Relf co-wrote many of the original Yardbirds songs ("Shapes of Things", "I Ain't Done Wrong", "Over Under Sideways Down", "Happenings Ten Years Time Ago"), later showing a leaning towards acoustic/folk music as the sixties unfolded ("Only the Black Rose"). He also sang an early version of "Dazed and Confused" in live Yardbirds concerts, after hearing musician Jake Holmes perform the song, which was later recorded by the band's successor group Led Zeppelin.

His debut solo single, "Mr. Zero", peaked at No. 50 in the UK Singles Chart in May 1966.

=== 1970s ===
After the Yardbirds broke up in July 1968, Relf formed the acoustic duo Together, with fellow Yardbird Jim McCarty, followed immediately by Renaissance (which also featured his sister Jane Relf). After leaving Renaissance in 1970, he started producing other artists: Steamhammer, folk rock band Hunter Muskett, the acoustic world music group Amber, psychedelic band Saturnalia, and blues rock band Medicine Head (with whom he also played bass guitar).

In 1974, he formed progressive/rock group Armageddon. Their self-titled debut, Armageddon, was recorded in England and released in the United States on A&M Records. The album's original liner notes used the term "supergroup"; their personnel (besides Relf) included drummer Bobby Caldwell (previously a member of Captain Beyond and Johnny Winter's band), guitarist Martin Pugh (from Steamhammer, The Rod Stewart Album, and later of 7th Order), and bassist Louis Cennamo (also formerly of Renaissance and Steamhammer).

Following the breakup of Armageddon, Relf and Cennamo reassembled the original line-up of Renaissance, now under the name Illusion because a new line-up of Renaissance was still using the original name. Relf's final recordings before his death were a series of demos by Illusion. Illusion went on to record a series of albums after Relf died, with Cennamo later commenting, "In some way, we did so as a tribute to Keith."

== Personal life and death ==
Relf was a lifelong chronic asthmatic and nearly died on three occasions as a child during a bad asthma attack. His respiratory problems led to him losing a lung; in 1964, Relf passed out during the Yardbirds' first U.S. tour after a lung collapsed, resulting in the lung being removed. In his last years he developed emphysema.

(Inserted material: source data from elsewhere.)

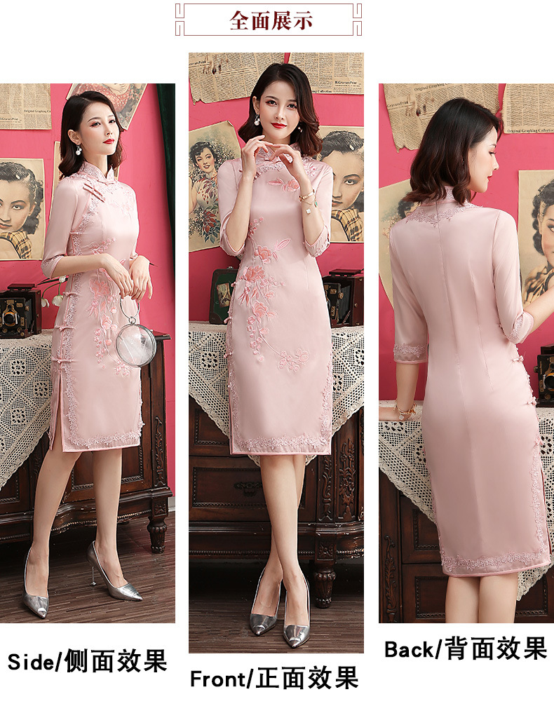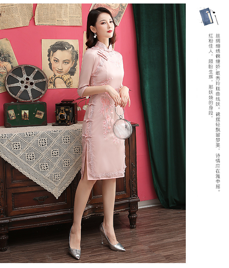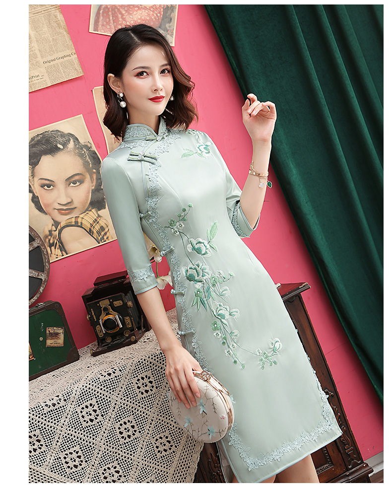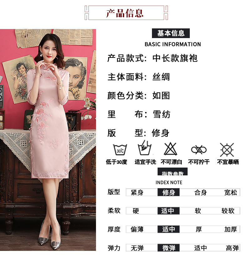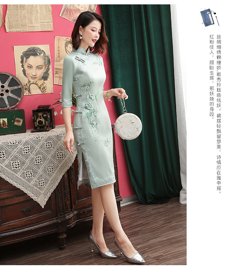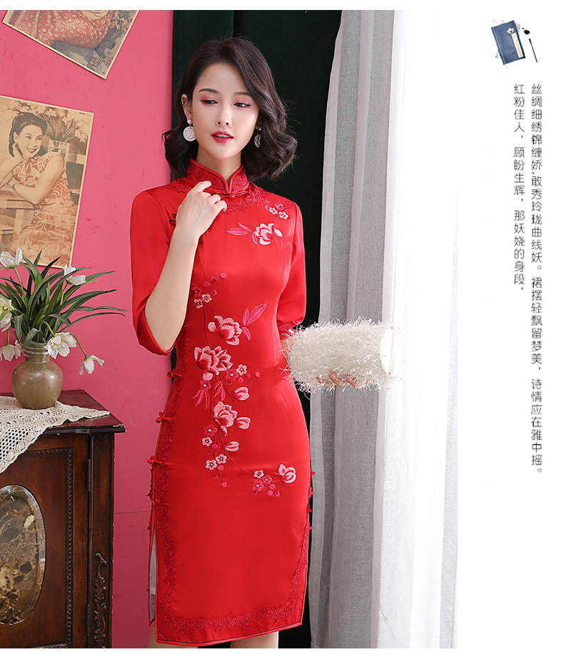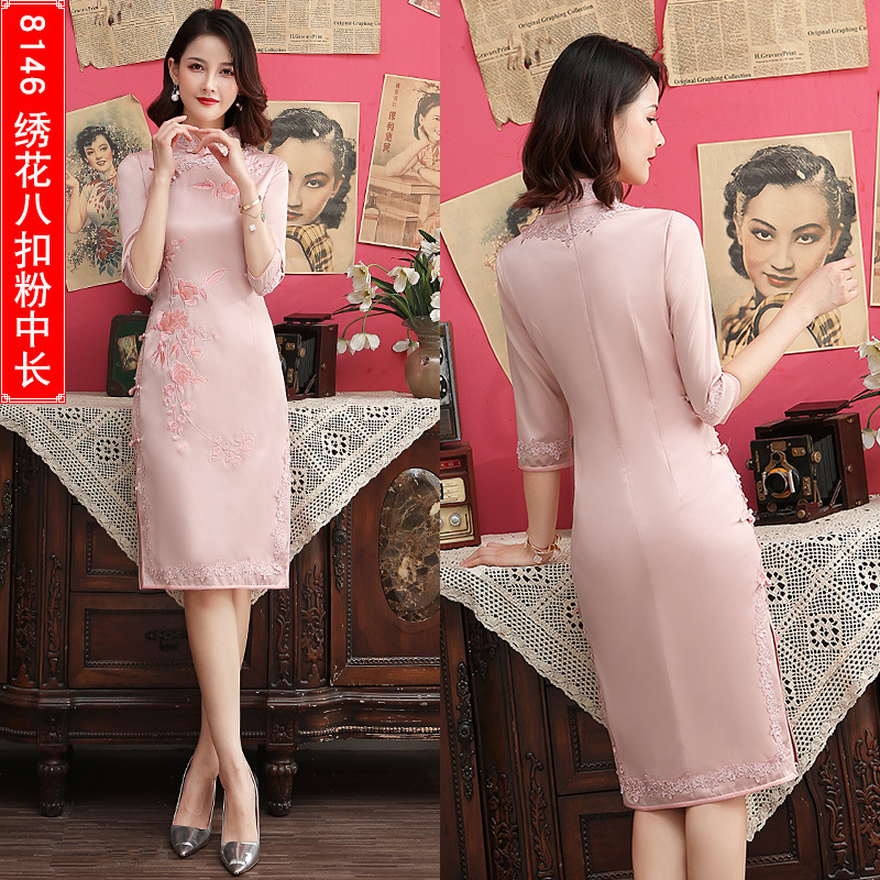 丝绸绣花旗袍新款中长款改良大码老上海中袖修身日常短款旗袍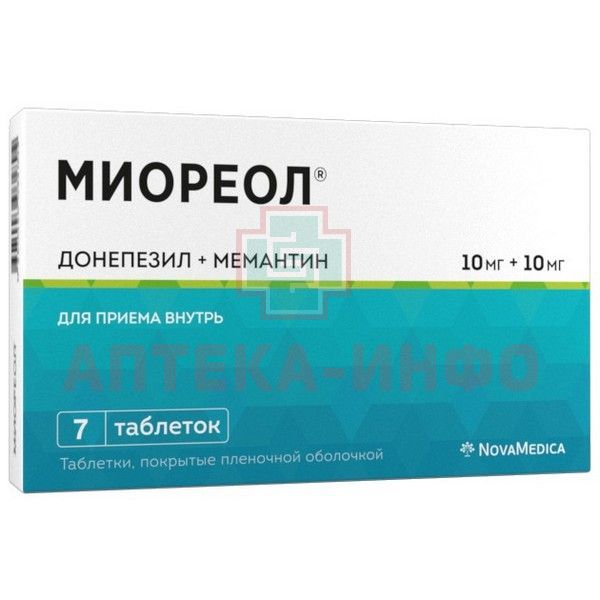 - Рекомендуемая начальная доза составляет Донепезил 10 мг + Мемантин 5 мг (одна таблетка препарата МИОРЕОЛ® 10 мг + 5 мг).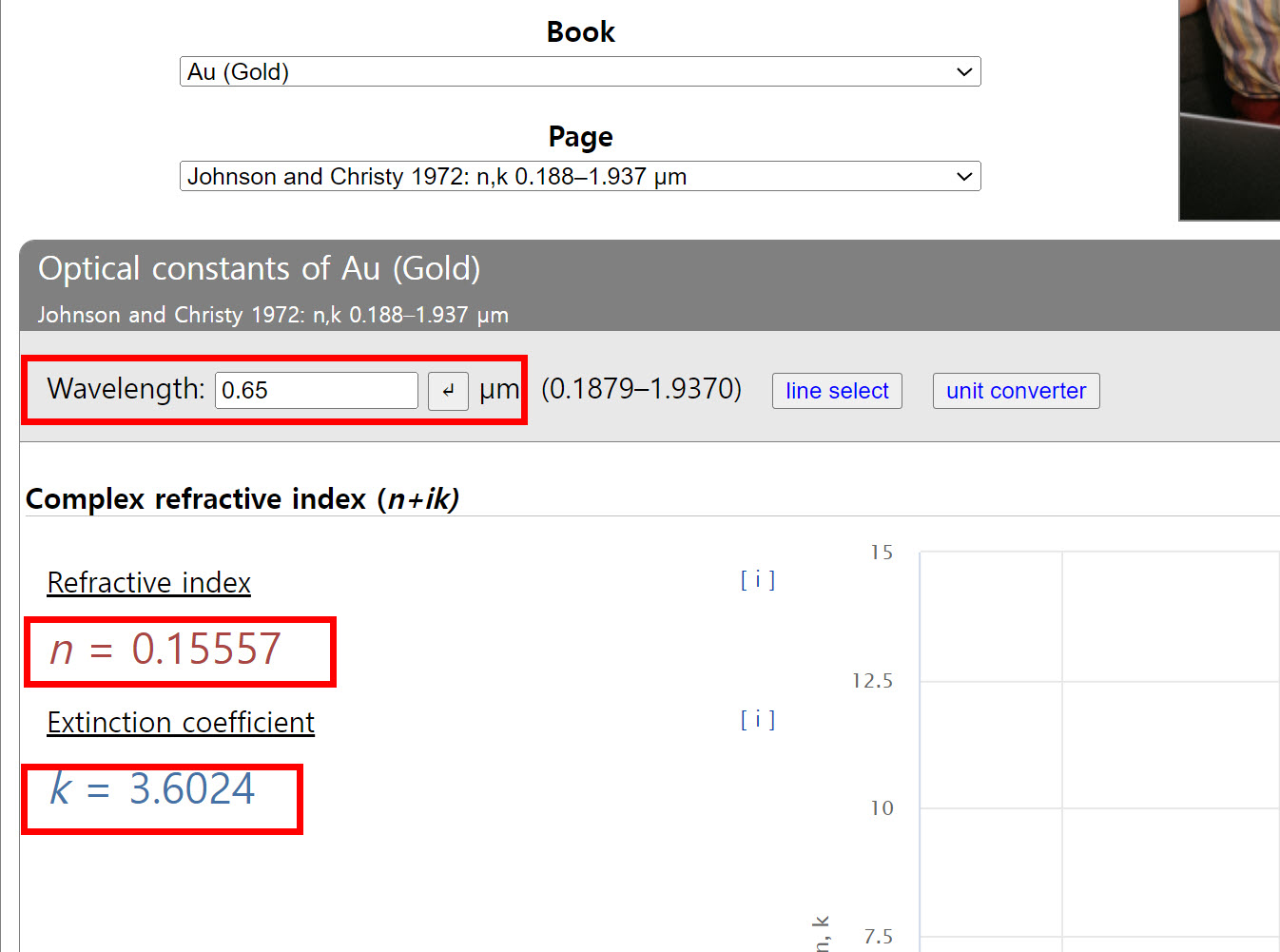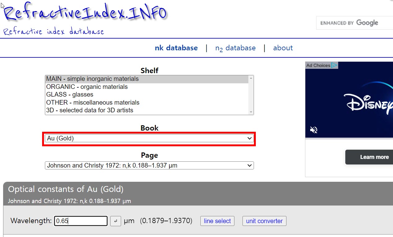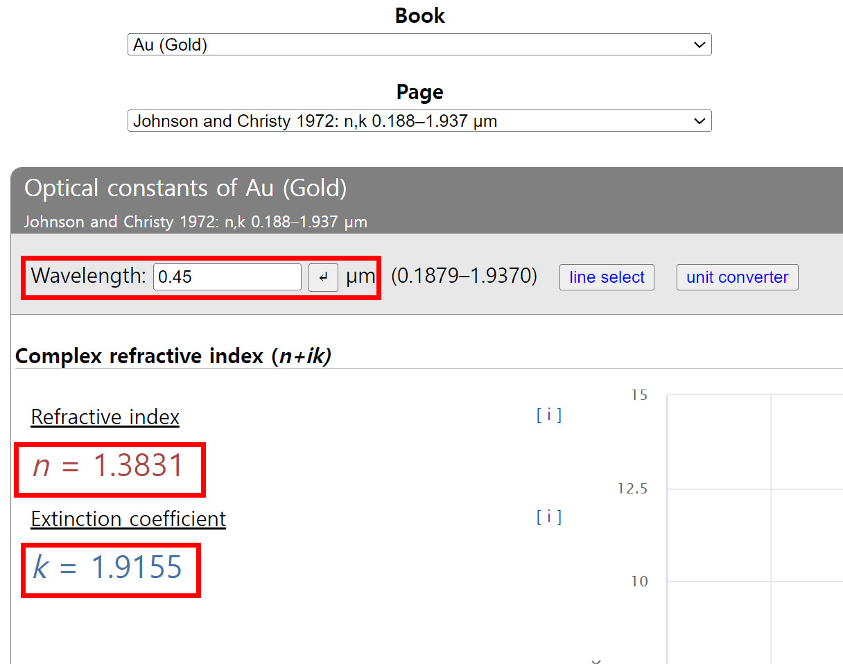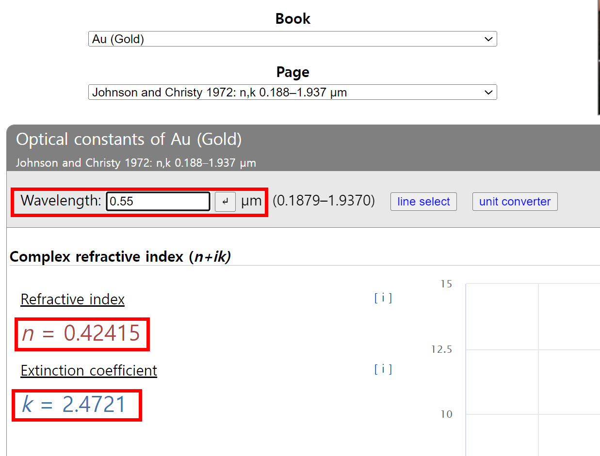 파장(wavelength)을 입력하면 해당 파장에 대한 refractive index, extinction coefficient를 표시합니다.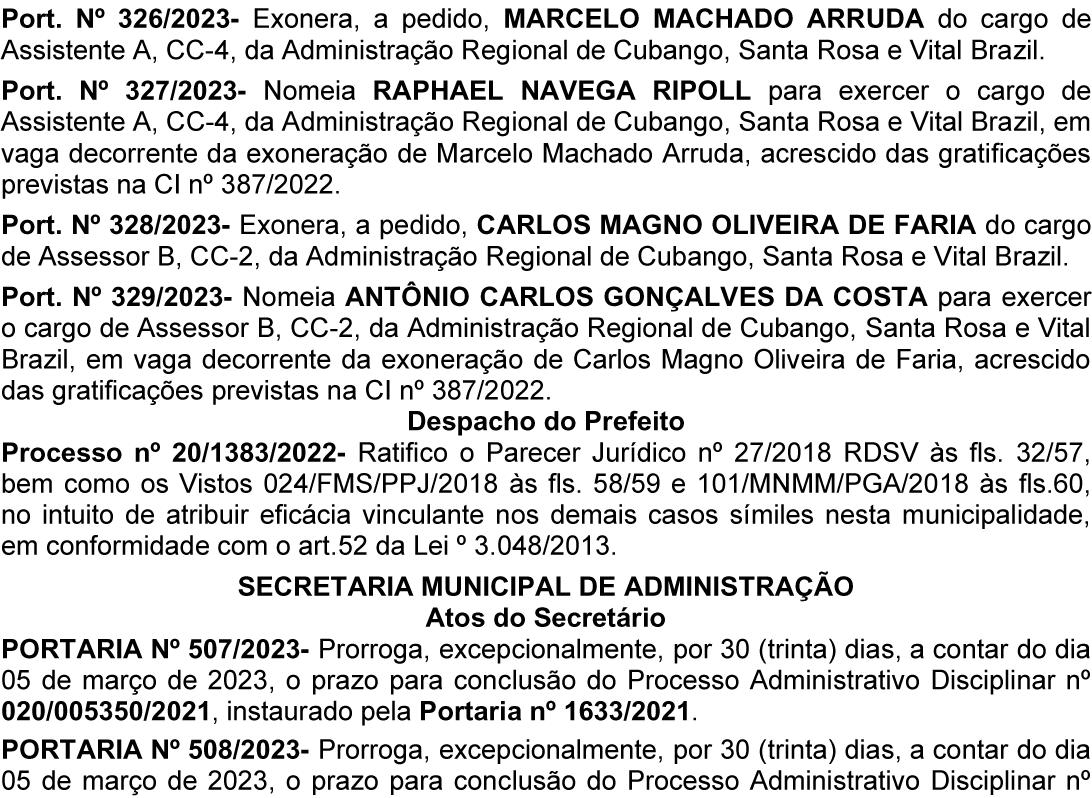 Processo nº 563/2023, Servidor(a) SANDRA CHAVES IGNACIO, inscrito(a) no CPF: 829.735.637-04, matrícula 4082 no no cargo de PROFESSOR ORIENTADOR PEDAGÓGICO, carga horária 20H semanais (Prefeitura Municipal de Rio Bonito), e matricula 023828-1, no cargo de PROFESSOR I com carga horária 30H semanais (Secretaria de Estado de Educação). Lícita a acumulação de cargos pelo servidor (a) nos termos do art. 37, XVI, a, da Constituição Federal; Rio Bonito, 03 de Março de 2023. Bernardo Guimarães Secretario Municipal De Administração (Interino) Mat: 8960975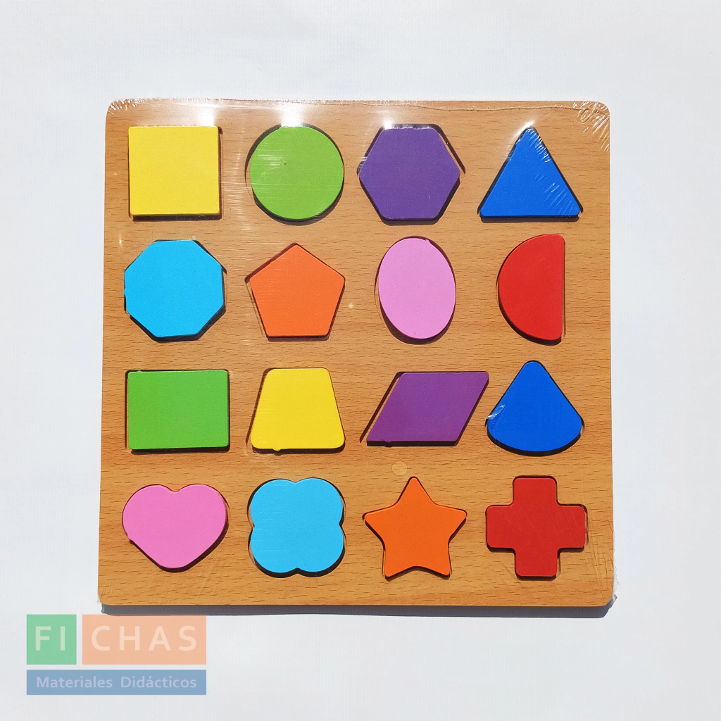 Consta de un total de 16 piezas geométricas coloridas que incluyen diferentes formas, lo que permite a los niños aprender a reconocer y clasificar.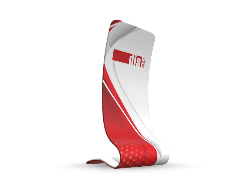 Elegantní, tvarově zajímavý textilní poutač ve tvaru S, spojující moderní design s bohatou nabídkou tvarů a požadavky na cenovou dostupnost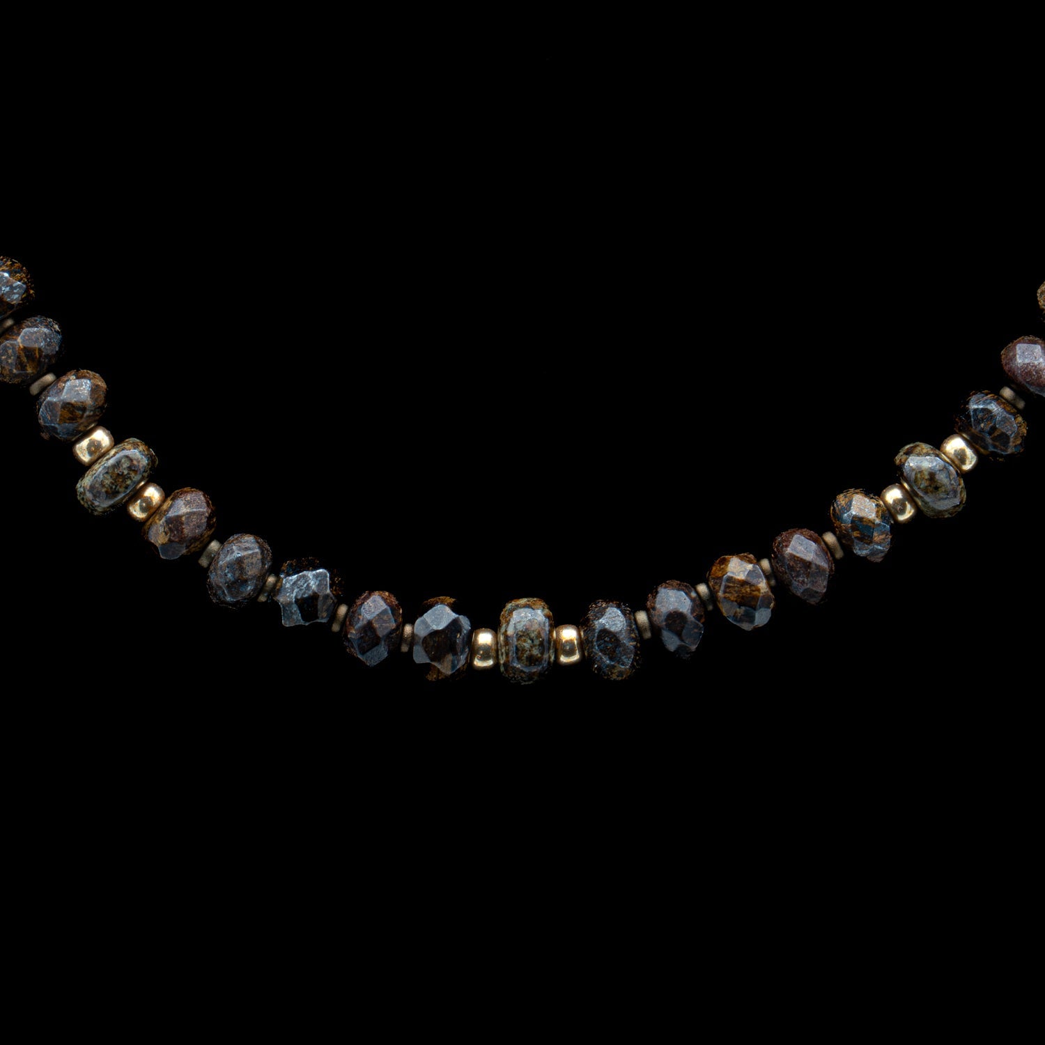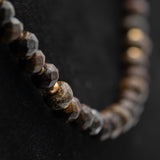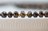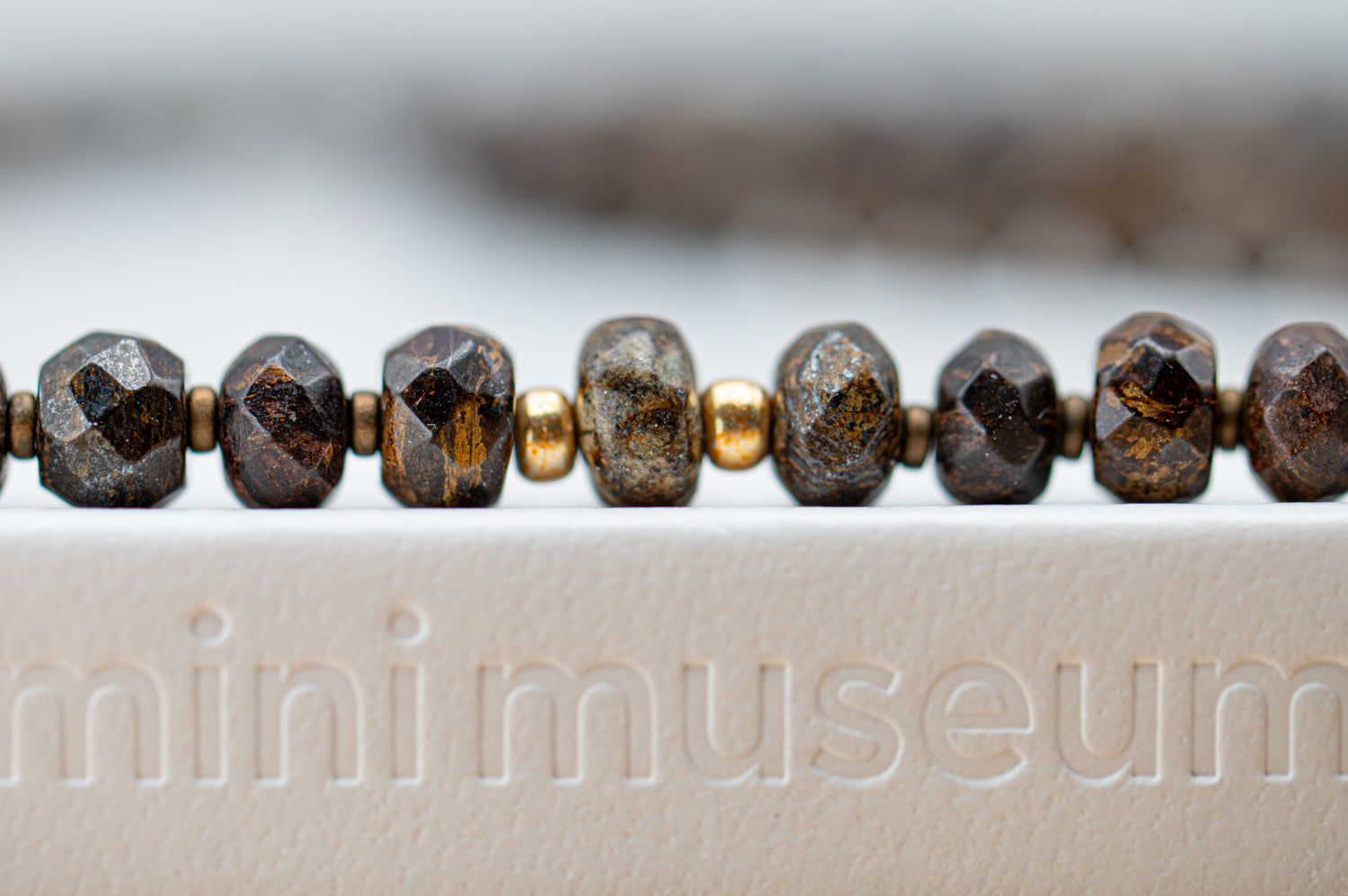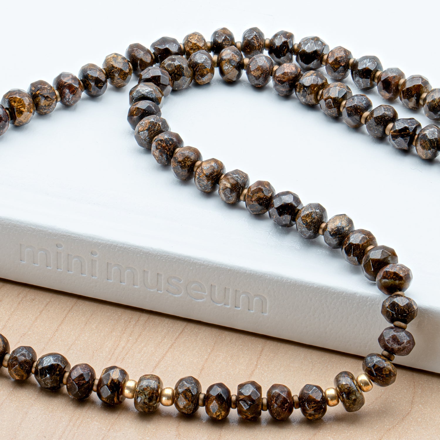 This necklace, made right at Mini Museum contains three meteorite beads made with material from Chondritic Meteorite NWA 869, an ancient meteorite that dates back over 4,500,000,000 years.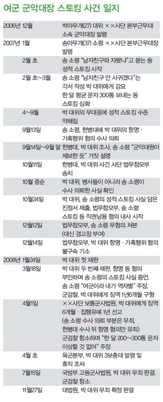 여군 군악대장 스토킹 사건 일지(※이미지를 클릭하면 크게 볼 수 있습니다)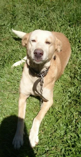 Cadela de pelagem creme, olhos cinza claro, porte grande. Foi abandonada na casa da minha avó há cerca de dois anos (por isso apenas estimamos a idade dela) e ela a adotou. Agora, porém, minha avó não tem mais condições de cuidar dela. A Branca é bastante útil como guarda, é brava com estranhos que se aproximam da casa. Não é castrada.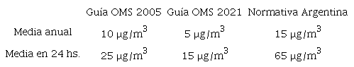 La contaminación a partir de material particulado tiene la potencialidad de conllevar efectos sanitarios incluso en concentraciones muy bajas; por ello de manera reciente la OMS sugirió en sus directrices las concentraciones más bajas posibles, con los siguientes valores: 5 μg/m3 de media anual, y 15 μg/m3 de media en 24 hs 1(OMS, 2021). Por otro lado, el Programa de las Naciones Unidas para el Medio Ambiente, afirma que la incineración de plásticos genera gases tóxicos que son liberados en la atmósfera, así como también furanos, dioxinas, bifenilos policlorados (PCB) mercurio, etc., lo que representa una amenaza (United Nations Environment Programme, 2019). Los contaminantes tóxicos de la basura plástica son considerados disruptores endocrinos implicados en una multiplicidad de complicaciones para la salud (United Nations Environment Programme, 2019; Verma et al., 2016).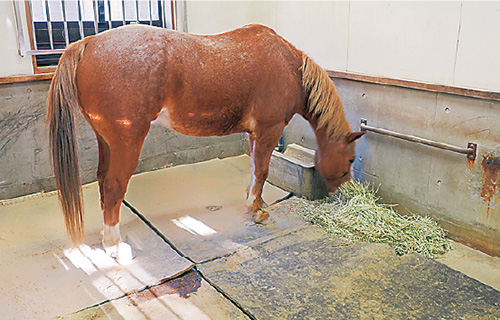 ポニーの大きさによって1日2~3回、干し草や野菜などを与えます。食欲の変化は健康のサインになるため、小さな変化も見逃せません。

In 1966, he married April Liversidge. They had two sons, Danny and Jason.

On 12 May 1976, Relf died in the basement of his home at age 33 from electrocution while playing an electric guitar. He was discovered by his son Daniel. He may have been taking medications such as theophylline, commonly used to treat respiratory diseases at the time, and these drugs may have led to tachycardia and/or arrhythmia which possibly contributed to his inability to survive the electric shock. His death was announced two days later on 14 May, which is sometimes erroneously listed as the date of his death.

He was buried in Richmond Cemetery.

== Legacy ==

Relf's posthumous 1992 Rock and Roll Hall of Fame induction with the Yardbirds was represented by his widow April, and sons Danny and Jason ("Jay").

==Solo singles discography==
Most of Relf's recordings were released under the name of the group he was in at the time. However, an early attempt was made to establish him as a solo musician, and two singles came out under his own name in 1966.

- "Mr. Zero" / "Knowing" – UK Columbia DB7920 / U.S. Epic 10044 (May 1966)
A-side written by Bob Lind
- "Shapes in My Mind" / "Blue Sands" – UK Columbia DB8084 / US Epic 10110 (November 1966)
B-side is an instrumental credited to Relf, but actually performed by the Outsiders (not to be confused with the US band, the Outsiders, who performed "Time Won't Let Me"). The US single featured the same version as the UK single; US promotional copies (on red vinyl) featured a complete re-edit of the song.

A further single appeared in 1989:
- "Together Now" / "All The Falling Angels" – MCCM 89 002 (1989)
US release only. The A-side was originally recorded in 1968 by Together. The B-side was recorded on 2 May 1976, ten days before Relf's death.